Work to be completed >> Set down the data below without change, skipping the pictures it holds.
[Records shown Boundary: Start]
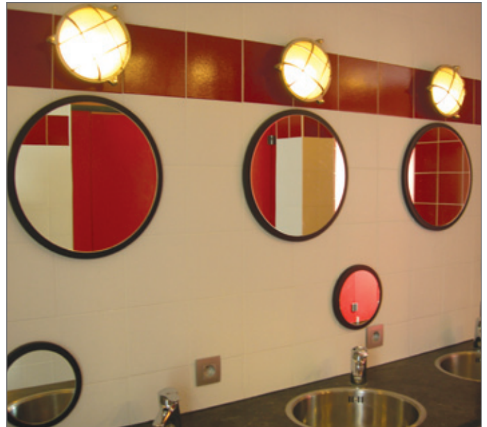
Goede armaturen vermijden hinderlijke weerkaatsing of verblinding.

Het materiaal waaruit de lichtarmatuur is vervaardigd, speelt hierbij een belangrijke rol. Kies een armatuur die zo weinig mogelijk licht absorbeert. Materiaal met een hoge en weinig diffuse reflec-
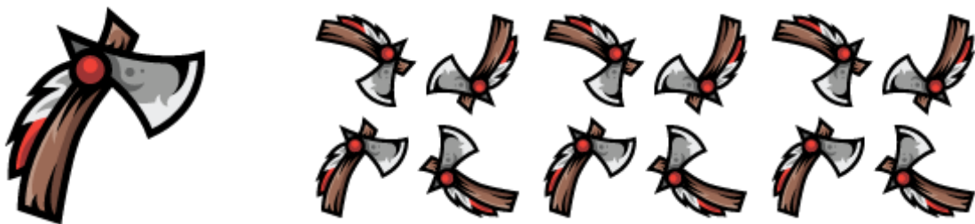
(Slika 17. „Tomahawk“ uzorak)
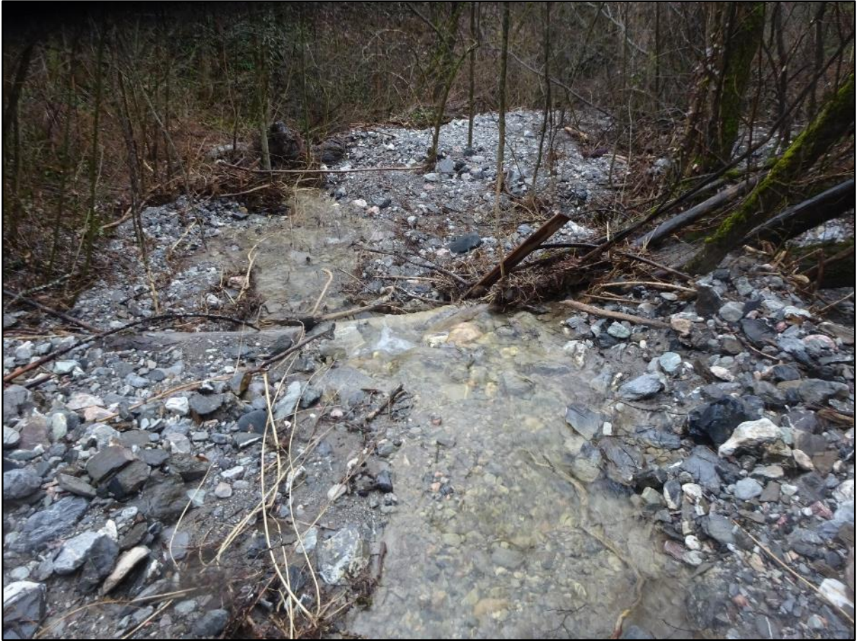
Vue vers l'aval. Des dépôts de gravier et des branchages.
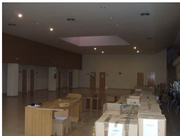
Espacio libre en sala de lectura donde ubicar Salón de actos y Seminarios
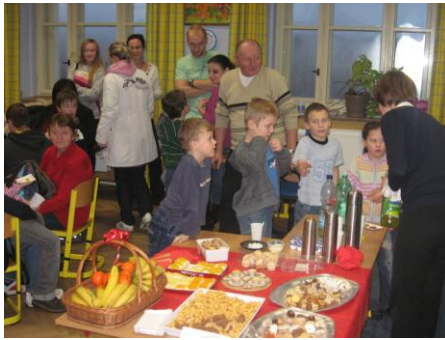
Vánoce s rodiči
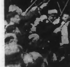
A Montluçon, le Maréchal quitte l'hôtel de ville et passe sous la haie formée par les Compagnons du devoir du Tour de France

— La Bulgarie a célébré aujourd'hui la fête de saint Georges, patron de l'armée et de l'ordre de la bravoure. A cette occasion ont eu lieu une cérémonie religieuse et militaire à laquelle ont assisté le roi et tous les dignitaires de l'Etat.
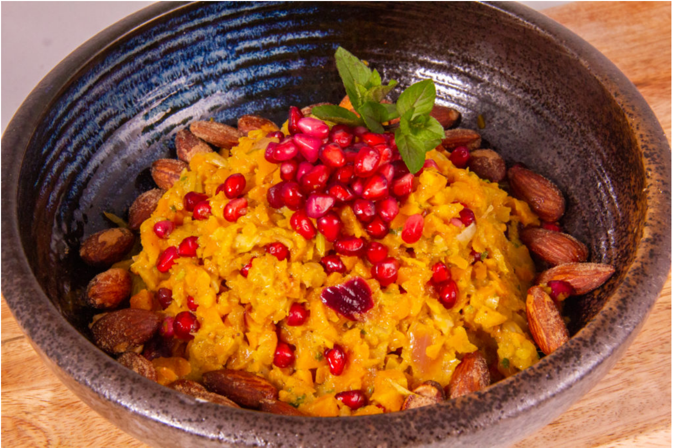
Salade estivale de carotte à l'orientale
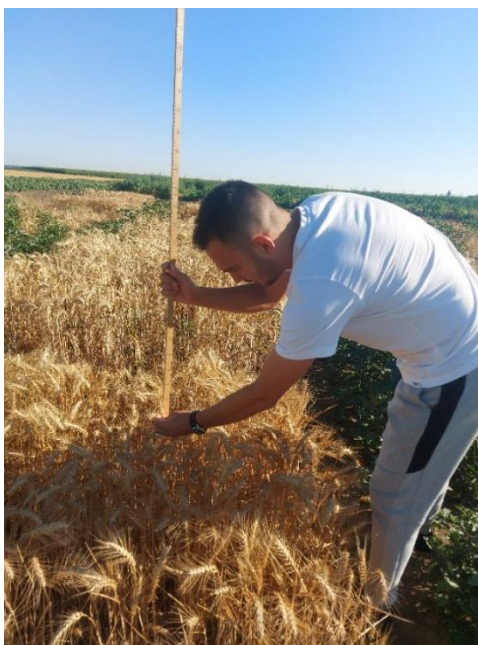
Slika 16. Mjerenje dužine klasa i visine stabljike

Mjerenja visine stabljike i duljine klasa obavljena su 14.06.2022. nasumičnim odabirom 25 biljaka na svakoj pokusnoj parceli, izmjereno je ukupno 250 biljaka od toga 125 biljaka divljih srodnika i 125 biljaka modernih sorti (slika 16).
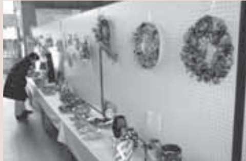
▲本年2月に行われたリサイクル作品展

今月号では、しろいしエコプロジェクト(愛称…もったいない運動)の拠点の一つでもある「白石市いきいきプラザ」をご紹介します。 「白石市いきいきプラザ」は、市民の文化と環境に関する情報を発信し、楽しみながらリサイクル学習や各種活動・交流ができる施設として、平成10年に開設しました。これまでに、ボランティアグループによるリサイクル教室や、リサイクル作品展など、市民主体の取り組みが行われているほか、さまざまな催しに利用されています。 ●施設案内 一階は、市民ギャラリーとして、絵画や写真などを幅広く展示することができ、多目的に利用できる部屋や工房があり、サークル活動や発表会の場として利用されています。 二階は「リサイクルプラザ」として、子どもから大人まで楽しみなが、はがき作りなどのリサイクル体験・学習ができるようになっているほか、チャイルドシートの貸し出しも行って
[Records shown Boundary: End]
Output >>
Goede armaturen vermijden hinderlijke weerkaatsing of verblinding.

Het materiaal waaruit de lichtarmatuur is vervaardigd, speelt hierbij een belangrijke rol. Kies een armatuur die zo weinig mogelijk licht absorbeert. Materiaal met een hoge en weinig diffuse reflec-
(Slika 17. „Tomahawk“ uzorak)
Vue vers l'aval. Des dépôts de gravier et des branchages.
Espacio libre en sala de lectura donde ubicar Salón de actos y Seminarios
Vánoce s rodiči
A Montluçon, le Maréchal quitte l'hôtel de ville et passe sous la haie formée par les Compagnons du devoir du Tour de France

— La Bulgarie a célébré aujourd'hui la fête de saint Georges, patron de l'armée et de l'ordre de la bravoure. A cette occasion ont eu lieu une cérémonie religieuse et militaire à laquelle ont assisté le roi et tous les dignitaires de l'Etat.
Salade estivale de carotte à l'orientale
Slika 16. Mjerenje dužine klasa i visine stabljike

Mjerenja visine stabljike i duljine klasa obavljena su 14.06.2022. nasumičnim odabirom 25 biljaka na svakoj pokusnoj parceli, izmjereno je ukupno 250 biljaka od toga 125 biljaka divljih srodnika i 125 biljaka modernih sorti (slika 16).
▲本年2月に行われたリサイクル作品展

今月号では、しろいしエコプロジェクト(愛称…もったいない運動)の拠点の一つでもある「白石市いきいきプラザ」をご紹介します。 「白石市いきいきプラザ」は、市民の文化と環境に関する情報を発信し、楽しみながらリサイクル学習や各種活動・交流ができる施設として、平成10年に開設しました。これまでに、ボランティアグループによるリサイクル教室や、リサイクル作品展など、市民主体の取り組みが行われているほか、さまざまな催しに利用されています。 ●施設案内 一階は、市民ギャラリーとして、絵画や写真などを幅広く展示することができ、多目的に利用できる部屋や工房があり、サークル活動や発表会の場として利用されています。 二階は「リサイクルプラザ」として、子どもから大人まで楽しみなが、はがき作りなどのリサイクル体験・学習ができるようになっているほか、チャイルドシートの貸し出しも行って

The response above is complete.